Previous studies have reported immune interference from prior or repeat vaccination on current season vaccine immunogenicity of humoral and cellular responses27 and we sought to investigate whether receipt of eIIVs can overcome these limitations. Due to a high proportion of older adults having had prior S-IIV vaccinations, subjects were separated into those “regularly immunized” (≥3 vaccinations) or “not regularly immunized” (≤2 vaccinations) in the past 5 years (Table 1). For initial analysis, we pooled eIIV and S-IIV vaccine groups due to limited sample sizes and if significance was observed in aggregate data we further stratified into individual vaccine groups. We found that regularly immunized subjects had significantly lower recruitment of ICOS+PD1+TFH1 cells compared to those not regularly immunized (Fig. 5a). However, no differences in recruitment of IFN-γ+ CD8+ and IFN-γ+ CD4+ T cells were observed (Supplementary Fig. 7a, b). In addition, regularly immunized individuals had a trend for reduced plasmablast induction (p = 0.07) (Fig. 5b) and significantly reduced boosting of H3-2013 HA-specific IgG (p = 0.004) (Fig. 5c), high-avidity IgG antibodies (p = 0.02) (Fig. 5d) and ADCC responses (p = 0.03) (Fig. 5e). In contrast, there were no differences in the induction of G2-stalk-specific IgG (Supplementary Fig. 7c) and ADCC responses (p = 0.42) (Supplementary Fig. 6d).

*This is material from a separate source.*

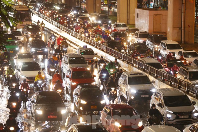 Ùn tắc dưới cơn mưa lớn. Ảnh: tienphong.vn
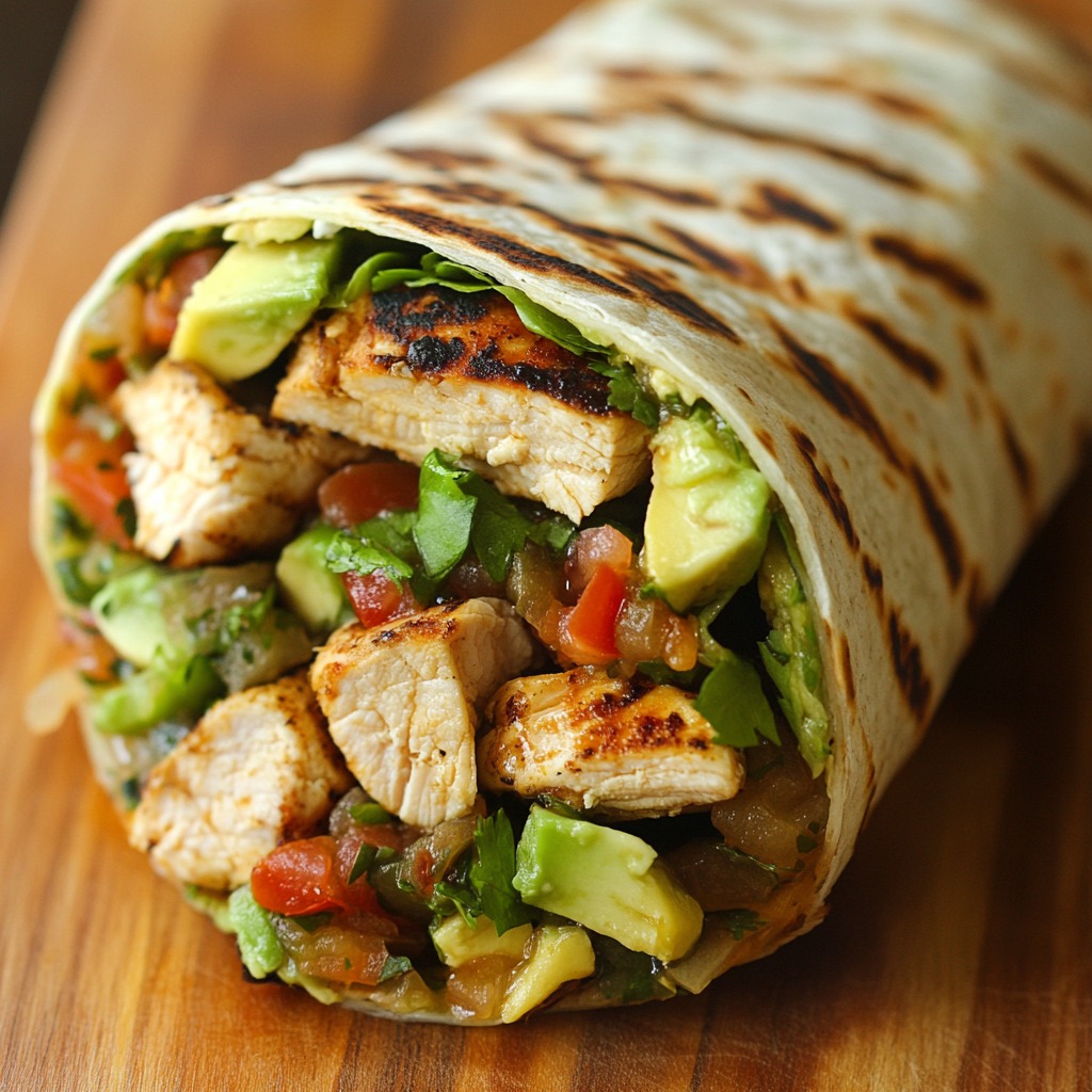 Wrap au poulet grillé, avocat et salsa

Fig. 5: Vaccine responses are restricted by prior vaccination.
figure 5

Subjects were separated by those regularly (≥3 vaccinations) and not regularly immunized (<2 vaccinations) in the past 5 years and the fold induction of a TFH1 cells and b plasmablasts (S, n = 24; A, n = 20; H, n = 13; R, n = 15), c H3-2013 HA-specific IgG, d high-avidity IgG, and e CD107a+CD56+ NK cells (n = 20 per vaccine group) was determined in pooled datasets, significance by Mann–Whitney t test. Fold induction of f day 30 H3-2013 HA-specific IgG, g day 7 NK cell activation amongst regularly immunized subjects (n = 9–12 per vaccine group). Data represented as mean with 95% CI. *p < 0.05, **p < 0.01, ***p < 0.001.

There was no notable improvement in the induction of H3-2013 HA-specific IgG responses by eIIVs in regularly immunized subjects at day 30 post vaccination (Fig. 5f). However, amongst more frequently vaccinated individuals, H-eIIV recipients had greater induction of ADCC than S-IIV at day 7 post vaccination (p = 0.002) (Fig. 5g).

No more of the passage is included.